Muito mais importante do que estar numa comunidade em situação de vulnerabilidade social, é querer estar ali, enquanto poderia estar em qualquer outro lugar, curtindo as férias, se divertindo, ou em família…

Foi isso que aconteceu, no início deste ano, com cerca de cento e trinta pessoas, na maioria jovens em situação financeira confortável, além de irmãos maristas, pastoralistas, lideranças comunitárias e juvenis, ao assumirem os trabalhos da MSM (Missão Solidária Marista)… Desde que conheci a Pastoral da Juventude, uma expressão ecoa em meu cérebro e inquieta meu coração: “Protagonismo Juvenil”… Lá se vão quase trinta anos de trabalho com a juventude e essas palavras continuam movendo a maioria dos sonhos e movimentos deste que vos escreve…

Todas as minhas utopias reviveram ao participar, ainda que modestamente das Missões aqui no loteamento onde moro, que tem por padroeira a querida Santa Terezinha do Menino Jesus, exemplo de uma vida terrena que não foi além da sua juventude de vinte e quatro anos, mas que até hoje, quase cento e vinte anos depois de sua morte, permanece na memória e no coração de católicos do mundo inteiro como jovem intercessora e devota domenino Jesus, professando uma fé inocente e infantil…

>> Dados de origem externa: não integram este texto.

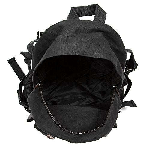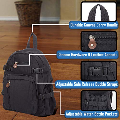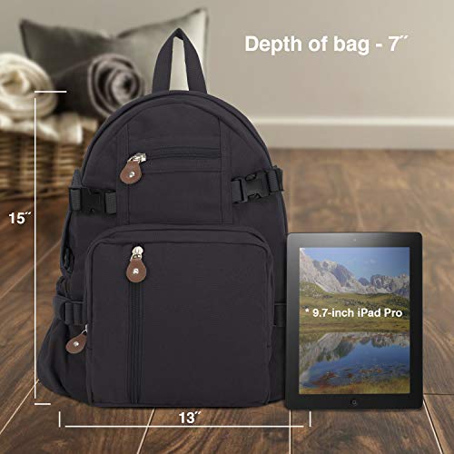 Versatile vintage canvas backpack. The bag has a main compartment that easily holds notebooks, supplies, books, and all your other daily necessities. The small size backpack can hold a 12-inch laptop, while the large size backpack can hold a 15-inch laptop. This bag features washed cotton canvas material, padded shoulder straps, 3 front zippered pouches, one main compartment, 2 side pockets with elastic and tie-down straps, and a top carry handle.
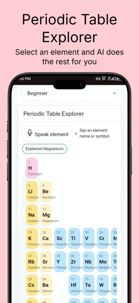 Explore the elements like never before. Tap on any element to discover its properties, atomic structure, uses, and more — or chat with the AI to dive deeper into chemical concepts in real time.
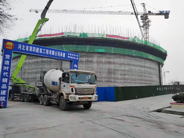 熟料儲存及輸送筒倉直徑60米,高20.5米。1月11日,業(yè)主項目負責(zé)人王利杰組織召開專題會議,鄭重要求1月20日前滑模施工必須完成。面對業(yè)主早日投產(chǎn)的殷切期盼,項目部緊急組織施工策劃,明確搶進度措施辦法,全體動員,多點發(fā)力,全力以赴保滑模施工。在動員會上,成立了以項目經(jīng)理為組長的滑模領(lǐng)導(dǎo)小組,班子帶班,明確責(zé)任目標(biāo);與作業(yè)班組簽訂安全、質(zhì)量承諾書,增強其責(zé)任意識;購置鋼筋間距測量設(shè)備,節(jié)省驗收鋼筋工程時間和人力。由于疫情原因,現(xiàn)場勞力不能迅速到位,項目部提前組織管理人員晚上加班吊運鋼筋、水泥、腳手板等材料,大家高漲的干勁兒在滑模現(xiàn)場起到了積極的帶動作用。庫壁預(yù)應(yīng)力鋼絞線設(shè)置較為密集,每間隔26厘米一道,而且?guī)в腥嵝裕鶐毂阡摻顑?nèi)穿設(shè)時容易跑偏,工作效率低。為加快施工,技術(shù)人員巧妙地在庫壁鋼筋上加設(shè)了U型鋼筋固定鋼絞線穿行位置,然后大家一字排開,“一二、一二……”齊聲喊著口號,有節(jié)奏地用力將鋼絞線在庫壁鋼筋里穿行直到扶壁柱。數(shù)九隆冬的夜間滑模平臺上氣溫很低,但是大家的工作熱情不減,干勁不退,抬鋼筋、綁鋼筋、穿鋼絞線……,干得熱火朝天,沒有人叫苦喊累,在大家的共同努力下,滑模以每天2.7米的速度快速推進。
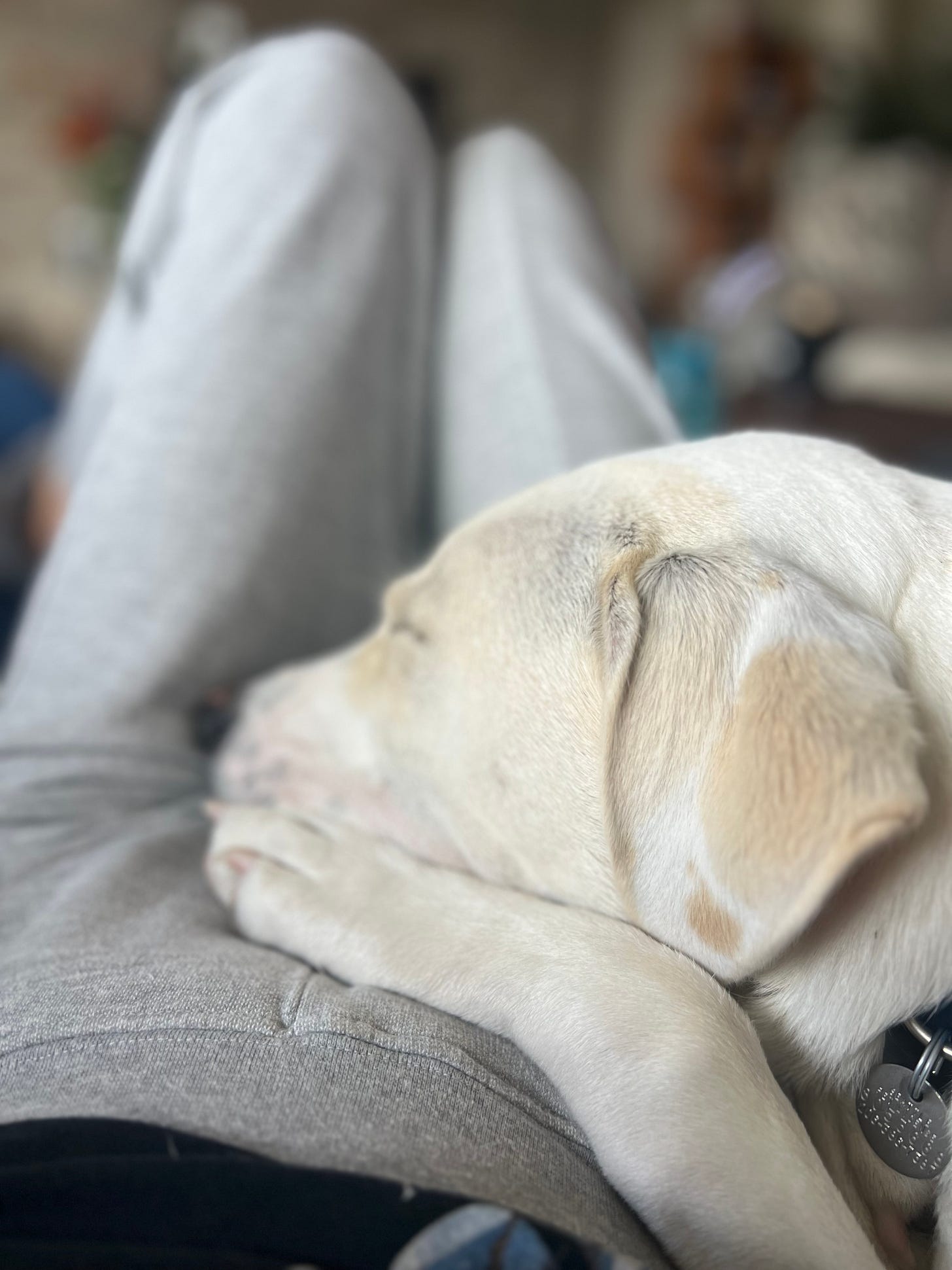 The dog is too excited to see me and keeps getting in trouble for trying to be too close. He eventually settles into a sweet caretaker rhythm, glued to my side as I navigate the walker in laps around the house, and then wriggling in to rest his big head on my shoulder or belly or thigh.
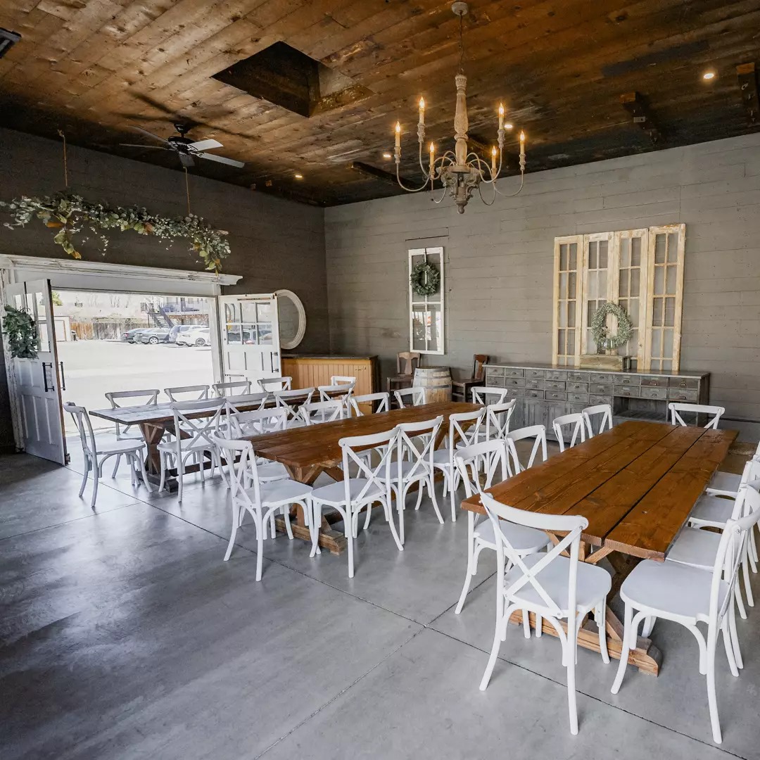 Indoor & outdoor venue, approved vendor list, indoor dance area, wifi, sound system, on-site décor including farm tables, antique counters for bar/buffet set-ups, antique doors, wine barrels and market lights available for use in the yard.
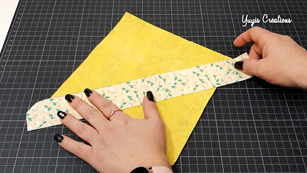 Vamos a empezar por marcar una línea en diagonal en nuestra pieza de bayeta, esto nos servirá de guía para que la primera tira que coloquemos no nos quede torcida. Sobre esa línea colocamos la primera tira de tela con el derecho a la vista. Es muy importante que la tira sobresalga de la bayeta por los lados, así como ves en la imagen de abajo.
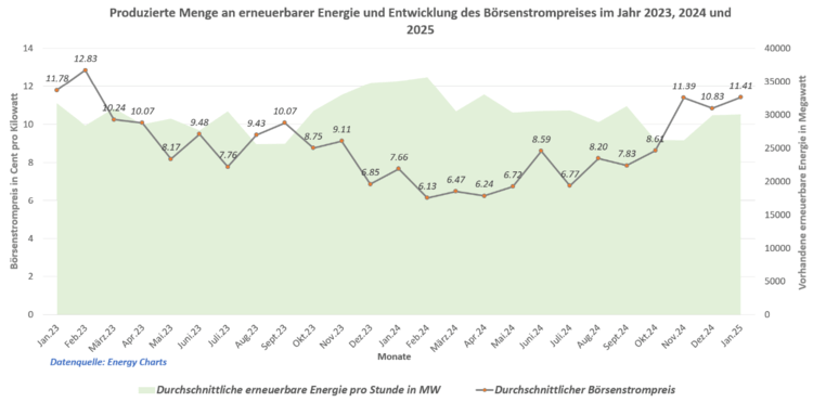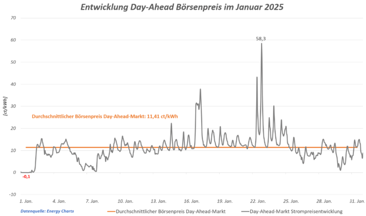 Die Börsenstrompreise lagen im Januar durchschnittlich bei 11,41 Cent pro Kilowattstunde im Day-Ahead-Markt der Handelsbörse. Strom ist damit an der Börse weiterhin günstig. Insbesondere lagen die Strompreise 14 Stunden lang unter null; das ist eine gute Nachricht für Verbraucher mit dynamischen Stromtarifen. Denn diese Tarife geben die Echtzeit-Strompreise der Handelsbörse plus Steuern und Abgaben weiter. Seit dem 1. Januar 2025 sind Stromanbieter verpflichtet, solche dynamischen Stromtarife anzubieten.
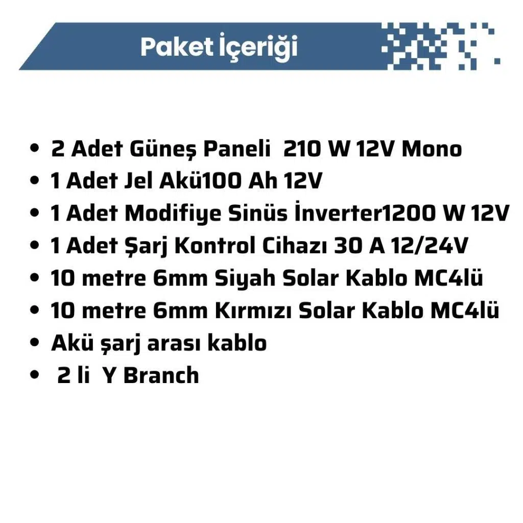 • 1 Adet 100Ah 12V Jel Akü (Bakım gerektirmez, uzun ömürlü)
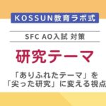 KOSSUN教育ラボでは、慶應義塾大学SFC(湘南藤沢キャンパス)の総合型選抜(AO入試)に特化した対策を行っています。受験でお困りの方は、お気軽に無料個別相談会にお申し込みください。
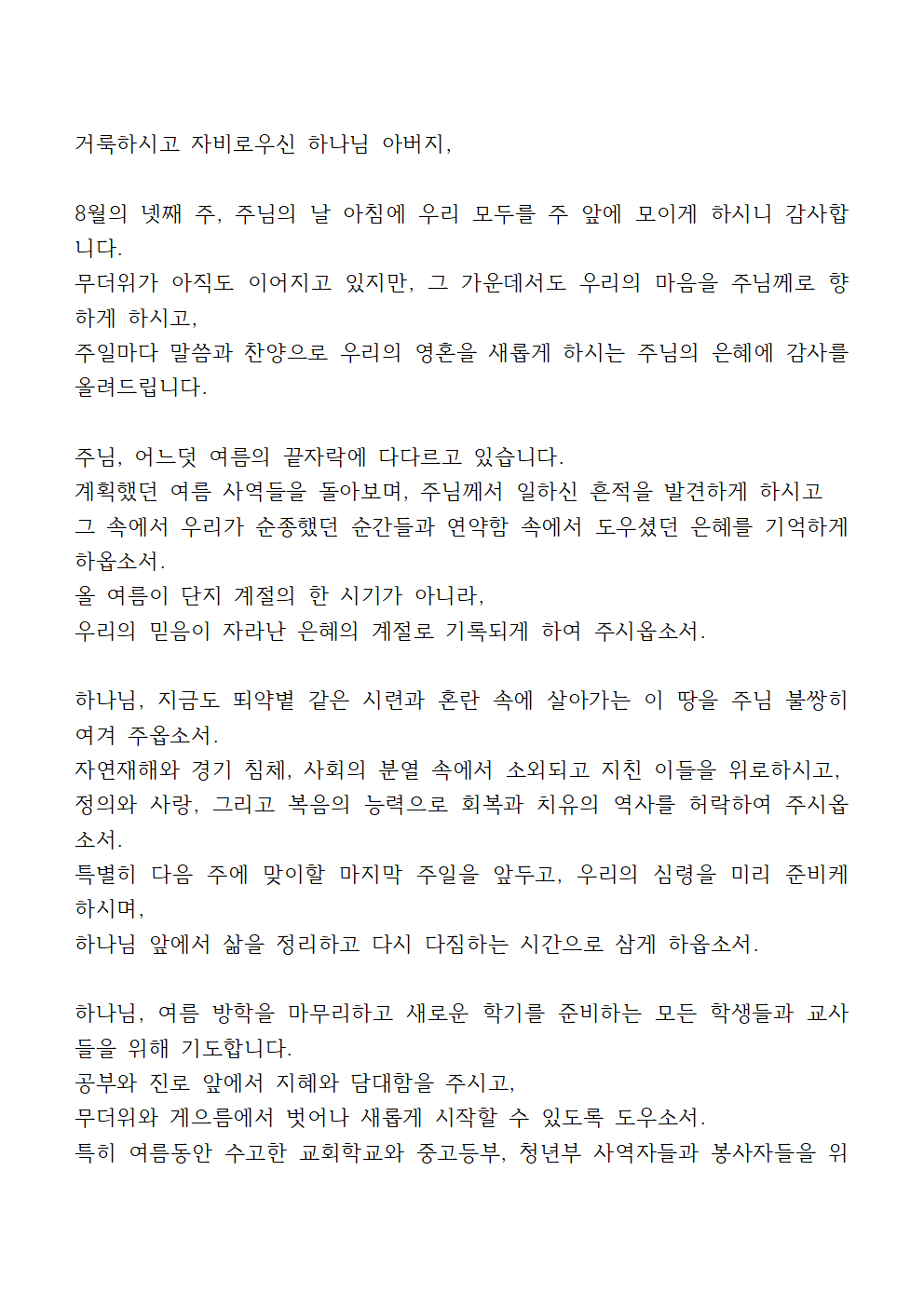 이번 글에서는 8월 넷째주일 낮 예배 대표기도문을 안내해 드리겠습니다.

Como crianças, vi os missionários descobrindo muitas coisas que não faziam parte do cotidiano da cidade de onde vieram. Um deles, o Leonardo, de Curitiba, me mostra na tela do celular, uma foto do pôr do sol no bairro Martello… Raramente vi imagem tão linda. Ela estava aqui o tempo todo, mas sou adulto demais para perceber tamanho espetáculo cotidiano. O jovem em missão exibia com os olhos brilhando a imagem, deixando claro o quão maravilhoso era para ele, poder presenciar aquela cena.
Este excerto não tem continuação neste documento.